= Chambre du Roi =

La Chambre du Roi (/fr/), "the king's bedchamber") has always been the central feature of the king's apartment in traditional French palace design Ceremonies surrounding the daily life of the king—such as the levée (the ceremonial raising and dressing of the king held in the morning) and the coucher (the ceremonial undressing and putting to bed of the king)—were conducted in the bedchamber.

In 17th century France under the absolutism of Louis XIV, the bedchamber became the focal point—physically as well as ideologically—of the palace of Versailles. However, the bedchamber—and more particularly the bed—played a singular role in French cultural history during the Ancien Régime.

While a throne has been associated with most European monarchies as a symbol of temporal authority, in France of the Ancien Régime, the throne was virtually non-existent. The only time that a throne, per se, was used during the Ancien Régime was during the king's coronation—as which time it was known as the chaise du sacre—and was used only for the ceremonies of anointing and crowning of the king. During the Ancien Régime, the true symbol of royal authority was the bed.

On the morning of the king's coronation one of the high-ranking ecclesiastic and one of the high-ranking secular peers of the realm (respectively, usually the archbishop of Laon and the duke of Burgundy; however, this varied depending on the internal politics at the time of the coronation) would arrive at the door of the king's bedchamber in the Palais de Tau (the archiepiscopal palace at Reims). The ceremony of the waking king would ensue: the peers would knock on the door of the king's bedchamber and ask, "We have come for the king." "He is not here," would be intoned from behind the door. The question would be placed twice more; the reply to the third time the question was asked, would be, "He is not here, he is risen." At which point, the door opened and the peers saw the king, fully dressed in his coronation robes, reclining on the bed. The two peers would then ceremonially lift the king to his feet and escort him to the cathedral for the coronation.

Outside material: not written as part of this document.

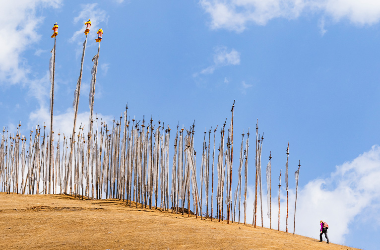 Lungdhars, the sacred flags which come in two shapes—square or rectangular—can be seen hung horizontally or diagonally on a string. Look for them at mountain passes, bridges, and around monasteries or stupas, where they are elevated on wooden poles or flung over a rope.

Monarchial rule in France under the Ancien Régime was autocratic and the king's will was obeyed, by and large, universally in the realm. However, there were occasions in which royal authority was challenged—namely with the Parlements. During the Ancien Régime, France was divided into jurisdictions which presided—in the name of the king—over legal issues. The Parlement of Paris was the oldest and held sway over the provincial parlements. When royal edicts needed to be officially registered, they were sent to the Parlement of Paris (or provincial parlements, depending on the issue at hand). If the parlement judged the edict not to be in the interest of the state, it would refuse to register the edict. In such cases, the king would appear in state and would preside over a ceremony in which he would impose his will on parlement to force registration of the edict. This ceremony was call a lit de justice—bed of justice. Rather than the king sitting on a throne, he would recline on a bed-like piece of furniture in order to preside over the ceremony.

The bed as a symbol of royal authority was further emphasized in that the bed was always placed in an alcove that was separated by a decorative balustrade. Entry into the alcove behind the balustrade was strictly forbidden, unless authorized by the king. Additionally, during the Ancien Régime, court etiquette demanded that when one passed in front of the king's bed, reverence had to be paid: women deeply curtsied; men removed their hats and bowed. Furthermore, when the king died, a full-sized effigy would be placed on the bed and displayed publicly for two weeks, until the king's body had been interred in the royal crypt at the Basilica of Saint Denis.

In many respect, the chambre du roi and the bed represented the unbroken continuation of the monarchy. For while the corporeal aspect of the king died, the spiritual—which is to say the soul of the king and, by association, that of the state—passed unbroken to the successor.